Extracted data entries:
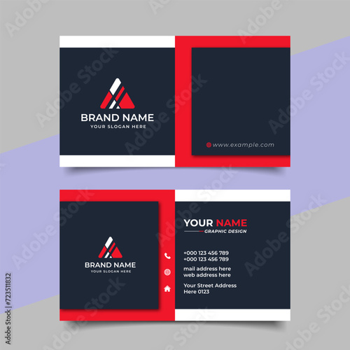 The watermark will not be included on Wall mural.: Red modern creative business card and name card horizontal simple clean template vector design
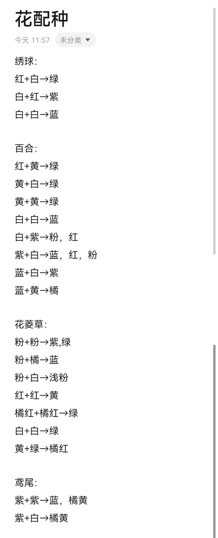 花配种的规律,根据目前已有信息,猜测应该是在固定搭配中有低概率变异、稳定变异和遗传亲本三种可能性,在这里开一个花配种的收集帖,大家有配出亲本1+亲本2→变异花3这种情况,可以留言告诉我,我整理噢!
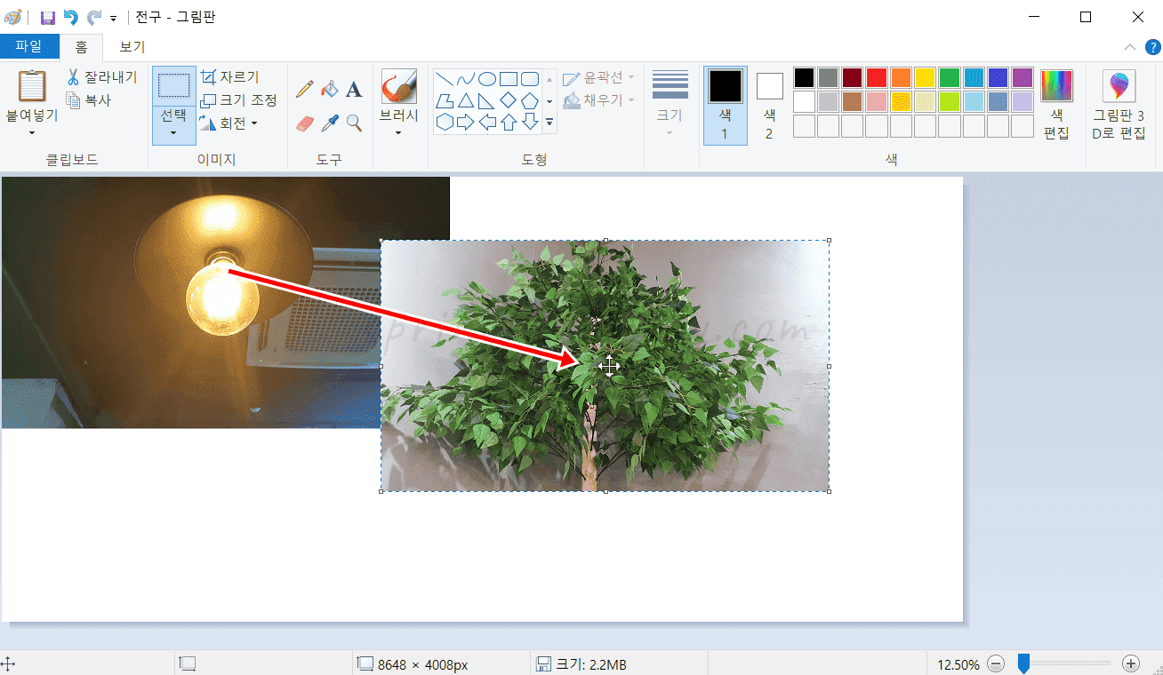 또한 위에서는 사진간 영역을 침범하지 않게 합쳐졌지만 내가 사진의 일부분만 영역지정한 후 다른 사진위로 붙여넣는다면 그림판으로 곂치기도 응용해서 가능합니다. 이렇듯 윈도우 기본 프로그램인 그림판으로도 고품질의 사진 편집이 가능하니 편리하게 사용해보세요.
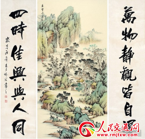 這幅《福地安居圖》潺潺流水云霧纏繞,有民宅靜謐安然,氣勢磅礴的全景山水,峰巒層疊,植被豐茂,有草木微染秋色,其間居住的人家,得山水清汽,度悠哉人生。這幅畫是以綠色為主色彩,給人一中的按自然的辛勤和生機(jī),使人感到輕松愉快。尤其是其中風(fēng)水寓意極佳!堪稱完美!
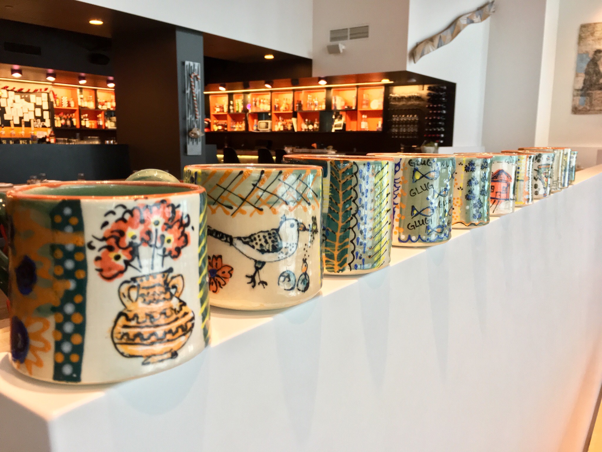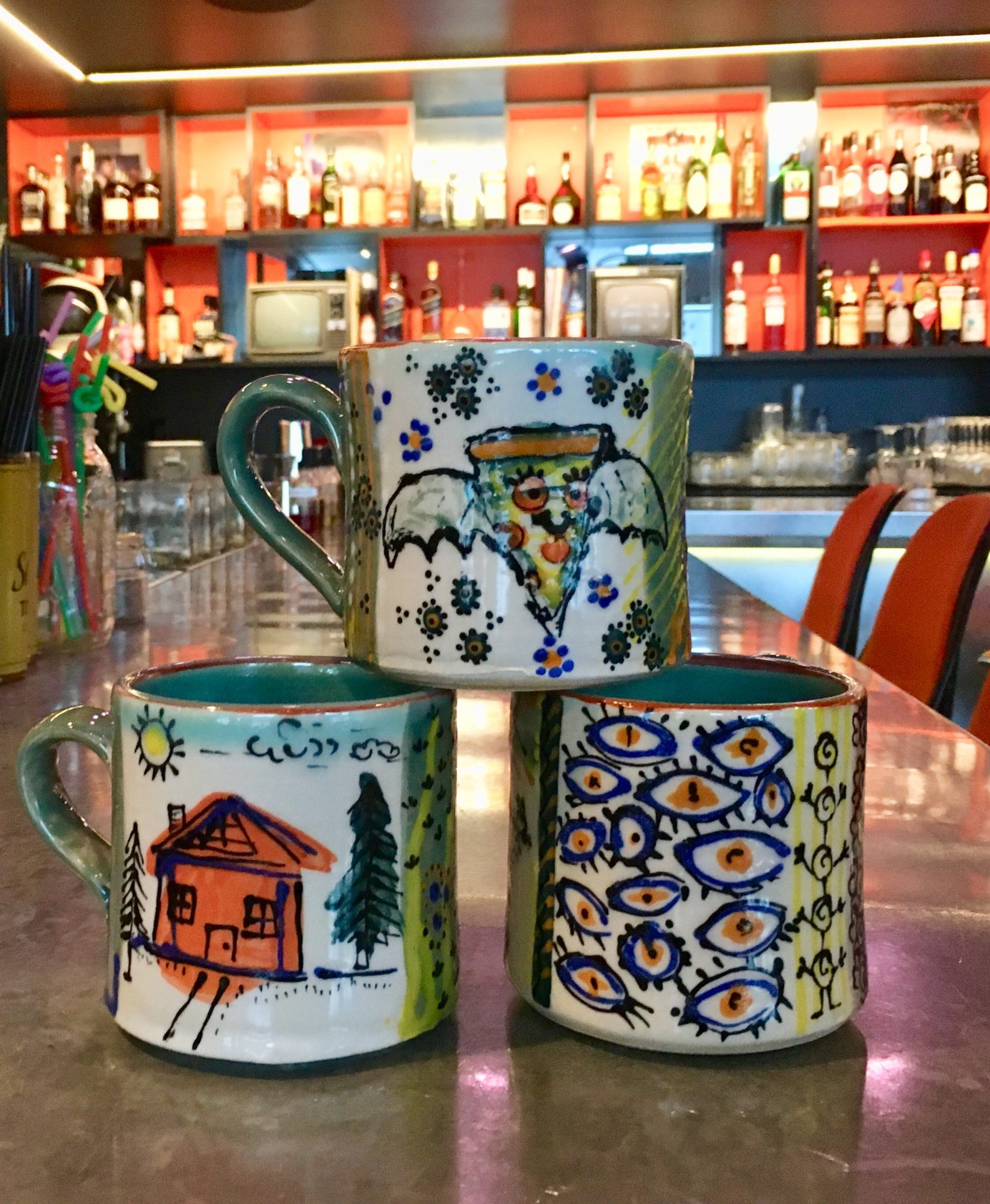 I recently did a commission for the restaurant Area Four in the South End. I was asked to make a set of mugs but was given the freedom to decorate them as I pleased. I wanted to make the mugs look as fun as the restaurant they were going into. The restaurant is decorated with records, old tvs, lava lamps, board games, and even Barbie dolls as drink garnishes. I went back to that child-like mindset and covered the mugs in exciting patterns, weird characters, and drips of colors.
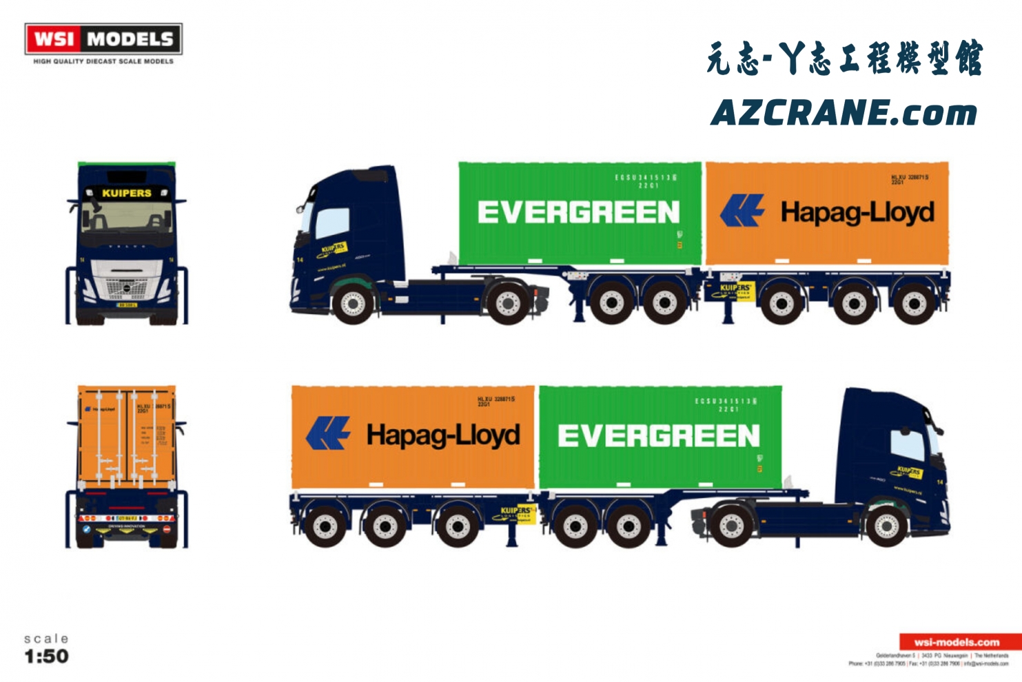 WSI 01-4949 VOLVO FH AERO GLOBETROTTER XL 4X2 2CONNECT COMBI TRAILER - 5 AXLE + 2X 20FT CONTAINER Kuipers Logistics
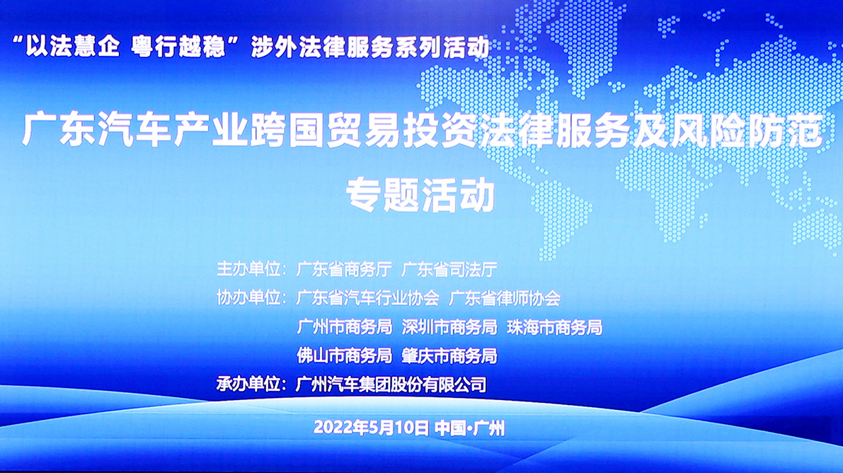 為統(tǒng)籌發(fā)展與安全,發(fā)揮法治對(duì)汽車產(chǎn)業(yè)發(fā)展的保障作用,推動(dòng)汽車企業(yè)境外安全、持續(xù)發(fā)展,廣東省商務(wù)廳聯(lián)合廣東省司法廳于2022年5月10日在廣汽中心舉辦了“廣東汽車產(chǎn)業(yè)跨國(guó)貿(mào)易投資法律服務(wù)及風(fēng)險(xiǎn)防范專題活動(dòng)”(以下簡(jiǎn)稱“汽車產(chǎn)業(yè)跨國(guó)投資法律服務(wù)”),廣東省汽車行業(yè)協(xié)會(huì)做為協(xié)辦單位參與了該項(xiàng)活動(dòng)。

→ Directions:
Begin at the line with "WSI 01-4949 VOLVO" and retype exactly every line through the last one of the entries above, both included, and nothing more; pictures stay out.

→ Result of the task:
 WSI 01-4949 VOLVO FH AERO GLOBETROTTER XL 4X2 2CONNECT COMBI TRAILER - 5 AXLE + 2X 20FT CONTAINER Kuipers Logistics
 為統(tǒng)籌發(fā)展與安全,發(fā)揮法治對(duì)汽車產(chǎn)業(yè)發(fā)展的保障作用,推動(dòng)汽車企業(yè)境外安全、持續(xù)發(fā)展,廣東省商務(wù)廳聯(lián)合廣東省司法廳于2022年5月10日在廣汽中心舉辦了“廣東汽車產(chǎn)業(yè)跨國(guó)貿(mào)易投資法律服務(wù)及風(fēng)險(xiǎn)防范專題活動(dòng)”(以下簡(jiǎn)稱“汽車產(chǎn)業(yè)跨國(guó)投資法律服務(wù)”),廣東省汽車行業(yè)協(xié)會(huì)做為協(xié)辦單位參與了該項(xiàng)活動(dòng)。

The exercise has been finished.